13.その笑顔がちょっと可愛いと思ったのは秘密でしてよ
「まあヴェリアルデ様! デートですね!」
「えっ?」
「えっ??」
思わず声をあげると、わたくし以上にびっくりした侍女が、鏡越しに「信じられねえこいつ」みたいな顔をしていた。
「城下町への同行なんて、デートのお誘いの定番ではないですか」
「……ふたりっきりで出掛けるわけではなくてよ?」
相手は隣国の王族で、わたくしも王子の婚約者。護衛はもちろんのこと、側近だって同行するのだ。第一、ドミトリウス殿下は余計な誤解を招くような真似をするような方ではなくてよ。
そう言うと侍女の目が「お嬢様にはがっかりです」と言いたげにしている。うちの侍女は主人に向かって遠慮がなさすぎでは。
「身分を隠した高貴な方が、婚約者に冷遇されている令嬢に同情し、彼女を慰めたりする内にその魅力を知って思いを寄せるようになり、さりげなくデートに誘う……なんて物語の定番ではないですか」
「不貞ではないの。高貴な方でしょう? ご自身の婚約者が黙っていないのではなくて?」
「こういった物語では、高貴な方は何かしらの理由があってそういった相手がいらっしゃらないものです」
まあ確かに、そういう方もいらっしゃるのは確かだ。例えばドミトリウス殿下も婚約者はいらっしゃらない。オートナリ帝国は大国の宿命として外交案件での婚姻がいつ起こってもおかしくないため、継承権の低い王族は適齢期ギリギリまで婚約者を持たないでいることが多いのだ。

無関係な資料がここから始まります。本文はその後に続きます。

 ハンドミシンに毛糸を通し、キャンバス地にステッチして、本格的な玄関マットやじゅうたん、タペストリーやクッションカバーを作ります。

一応そのあたりはおさえてあるのか、と思っていると侍女は楽しげに続ける。
「秘かに思いを寄せ会うふたり。しかしとうとういわれなき罪を着せられ、婚約破棄されてしまうご令嬢! そこへ颯爽と高貴な方が求婚を……!」
「……そんな物語が流行っているの?」
興奮しているところ申し訳ないけれど、あまりに突拍子もなさすぎない??
思わずツッコミを入れると、侍女は微妙な顔をして首を振った。
「……いえ、流行っているのは……」
「最近の流行りは、真実の愛の物語ですね! 平民出の少女が高貴な方と運命の恋に落ち、高貴な方の婚約者からの嫌がらせや、身分差による様々な苦難をその真実の愛で乗り越えるのです!」
後ろに控えていたもうひとりの侍女が力強く言った。
いや。それこそ不貞ではないの、と言う言葉が再び口から出かかったが、それよりも早く。
「ロマンスにしてもさすがに夢見がちすぎるのでは?」
「有り得なさでは良い勝負なのに、変に現実っぽくするより夢がある方が良いじゃないですか」
ふたりの侍女の間で静かな火花が富んだ。もしかすると片方は流行りもののアンチテーゼ的な方向性なしれない。

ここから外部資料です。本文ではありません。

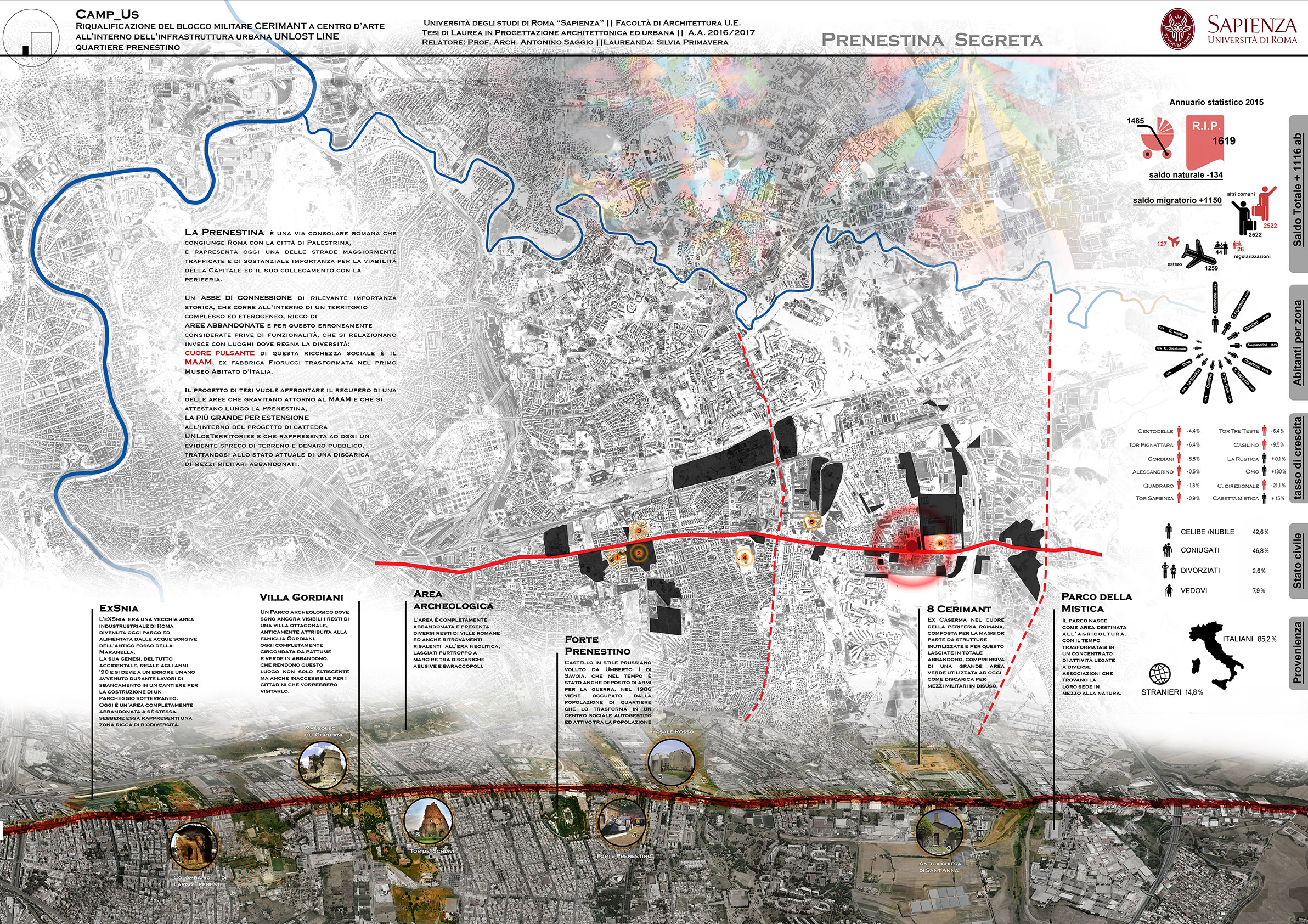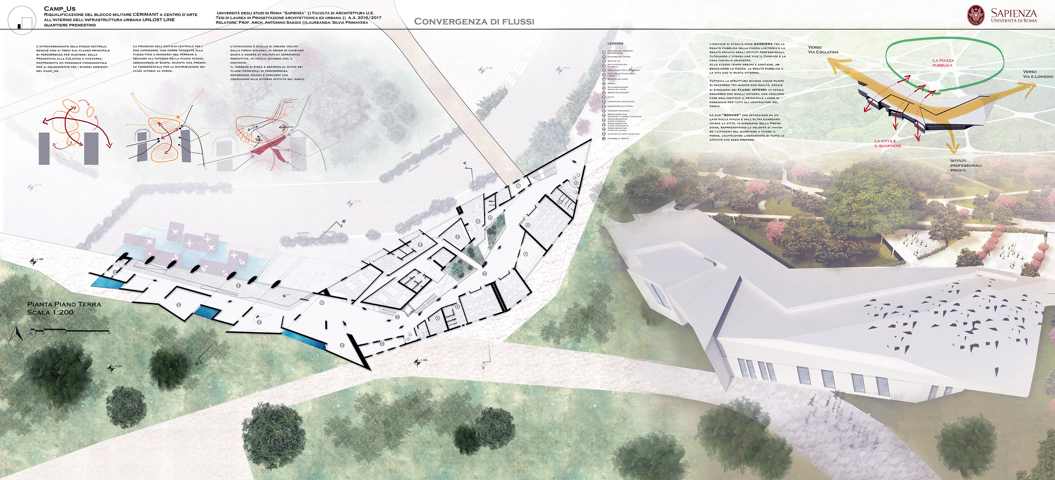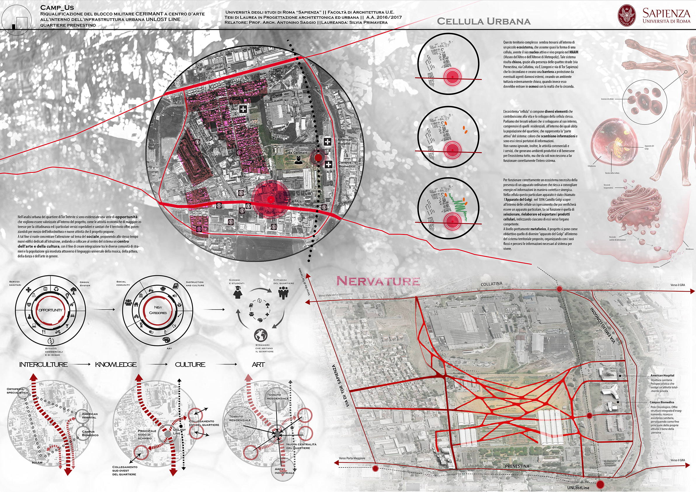 L’area di studio, collocata in una posizione strategica per la vicinanza con il MAAM e le sue attività strettamente legate all’arte e all’incontro con “il diverso”, diventa fondamentale per ricollegare la vicina Via Prenestina, posta a Sud, con la Via Collatina a nord, con la creazione di un raccordo pedonale e ciclabile con l’infrastruttura di nuova generazione ed il trasporto su gomma. CAMP_US trasforma l’ExCerimant da barriera impenetrabile in fondamentale passaggio tra le diverse parti del quartiere, attraverso un sistema di flussi che innervano il vecchio presidio militare in ambiti naturalistici dedicati allo sport, alla salute, all’istruzione e all’arte, un parco che, al pari di una cellula, dona nuova linfa ad un territorio che rischia di soccombere a causa della mancanza di un elemento ordinatore capace di organizzare virtuosamente le diverse realtà urbane presenti. Tale processo non coinvolge solo le realtà limitrofe, ma anche diverse preesistenze interne all’area di progetto, in particolare due capannoni dismessi, di possibile attribuzione all’Ex scuola Nervi, e che si fanno qui incubatori di un programma di mixitè, che accoglie attività didattiche di carattere professionale dedicate all’enogastronomia e alla sanità. In tal modo CAMP_US si propone non solo come supporto logistico ed economico ai principali enti sanitari locali, ma offre importanti opportunità di integrazione a quelle realtà sociali meno fortunate, tramite la realizzazione di una casa famiglia di nuova generazione, che vuole dare ai ragazzi l’opportunità di formarsi a livello professionale e costruirsi in questo modo le basi per affrontare un futuro ricco di molteplici possibilità. A questo si aggiungono anche spazi destinati al progetto Dynamo Camp, un camp di Terapia Ricreativa, primo in Italia, appositamente strutturato per ospitare gratuitamente e per periodi di vacanza e svago bambini e ragazzi malati, in terapia o nel periodo di post ospedalizzazione, e che attualmente non trova sede a Roma.

どちらにしたって非現実的じゃないの、と思ったが、ふたりによると「そんなことはわかった上で楽しむもの」であり「どちらがよりロマンがあるか」というのが重要なようだ。
正直まったく興味はなかったが、話し合いの結果、ふたり厳選の一冊を読み比べさせられることになったのだった。どうして。
***
と、まあそんなこんなあって、迎えた数日後の休日。
視察のように大袈裟にしたくないということで、わたくしたちは一般人に紛れるような軽い変装をして城下町へ繰り出していた。
幼い頃から貴族としてしか生きてこなかったわたくしたちに、完全な庶民のフリをするのは無理ですので、そこそこお家柄の良い学生たち、という装いだ。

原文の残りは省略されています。